= Judith T. Zeitlin =

American literary and cultural historian

Judith T. Zeitlin (b. 1958; Chinese: 蔡九迪) is the William R. Kenan Jr. Distinguished Service Professor of East Asian Languages and Civilizations at the University of Chicago. Her areas of interest are Ming-Qing literary and cultural history, with specialties in the classical tale and drama. In 2011 she was awarded a Guggenheim Fellowship.

Zeitlin is "Among the most active
of the literary scholars who focus on women."
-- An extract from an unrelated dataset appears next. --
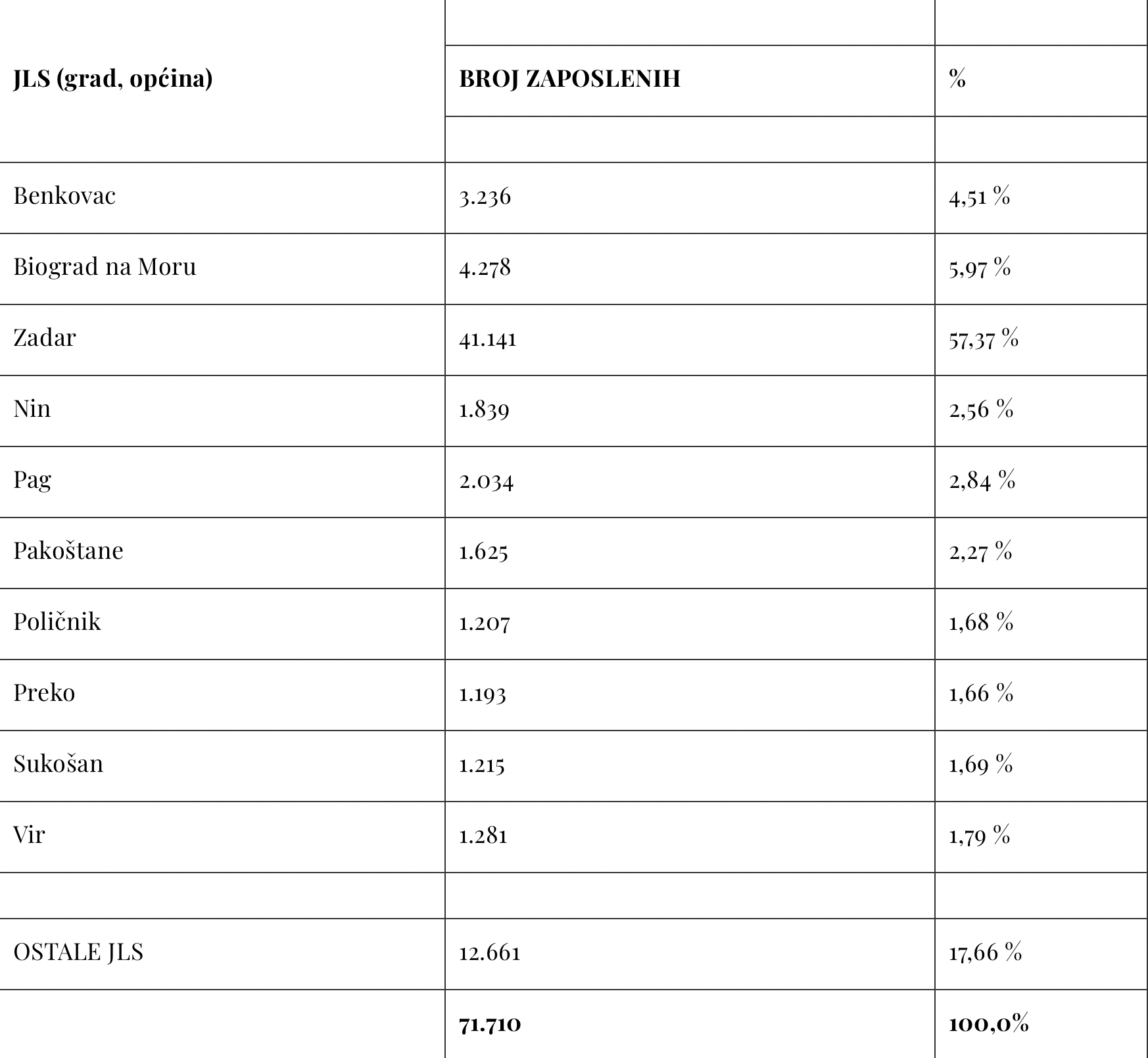 Ako se gleda zaposlenost po gradovima i općinama, više od dvije trećine radnog stanovništva raspoređeno je u tri najveća grada – Zadru, Biogradu i Benkovcu. Od ukupnog broja zaposlenih u srpnju, njih 41.141 ili 57,37 posto zaposleno je u sjedištu županije, gradu Zadru. Slijede gradovi Biograd (4.278), Benkovac (3.236), Pag (2.034) i Nin (1.839) te općine Pakoštane (1.625), Vir (1.281), Sukošan (1.215), Poličnik (1.207) i Preko sa 1.193 zaposlenih osoba.

She is the daughter of classics scholar Froma Zeitlin, the sister of economic historian Jonathan Zeitlin., the wife of art historian Wu Hung, and the mother of media scholar Lida Zeitlin-Wu.

==Selected publications==
- Historian of the Strange: Pu Songling and the Chinese Classical Tale_志怪史家:蒲松齡與中國古代傳奇小說 (Stanford, 1993)
- Writing and Materiality in China, co-edited with Lydia Liu (Harvard, 2003)
- "Shared Dreams: The Story of the Three Wives' Commentary on The Peony Pavilion" (1994)
- "Disappearing Verses: Writings on Walls and Anxieties of Loss" in Writing and Materiality (2003)
- "The Life and Death of the Image: Ghosts and Portraits in Chinese Literature" in Body and Face in Chinese Visual Culture, ed. Wu Hung and Katherine Tsiang (Harvard, 2005)
- "Notes of Flesh: The Courtesan's Song in Seventeenth-Century China," in The Courtesan's Arts: Cross-Cultural Perspectives, ed. Martha Feldman and Bonnie Gordon (Oxford, 2006)
- "The Return of the Palace Lady" in Cultural Innovation and Dynastic Decline, ed. David Wang and Wei Shang (Harvard, 2006)
- "Music and Performance in Palace of Lasting Life" in Trauma and Transcendence in Chinese Literature, ed. Idema, Li, and Widmer (2006)
- "Xiaoshuo" in The Novel, ed. Franco Moretti (2006)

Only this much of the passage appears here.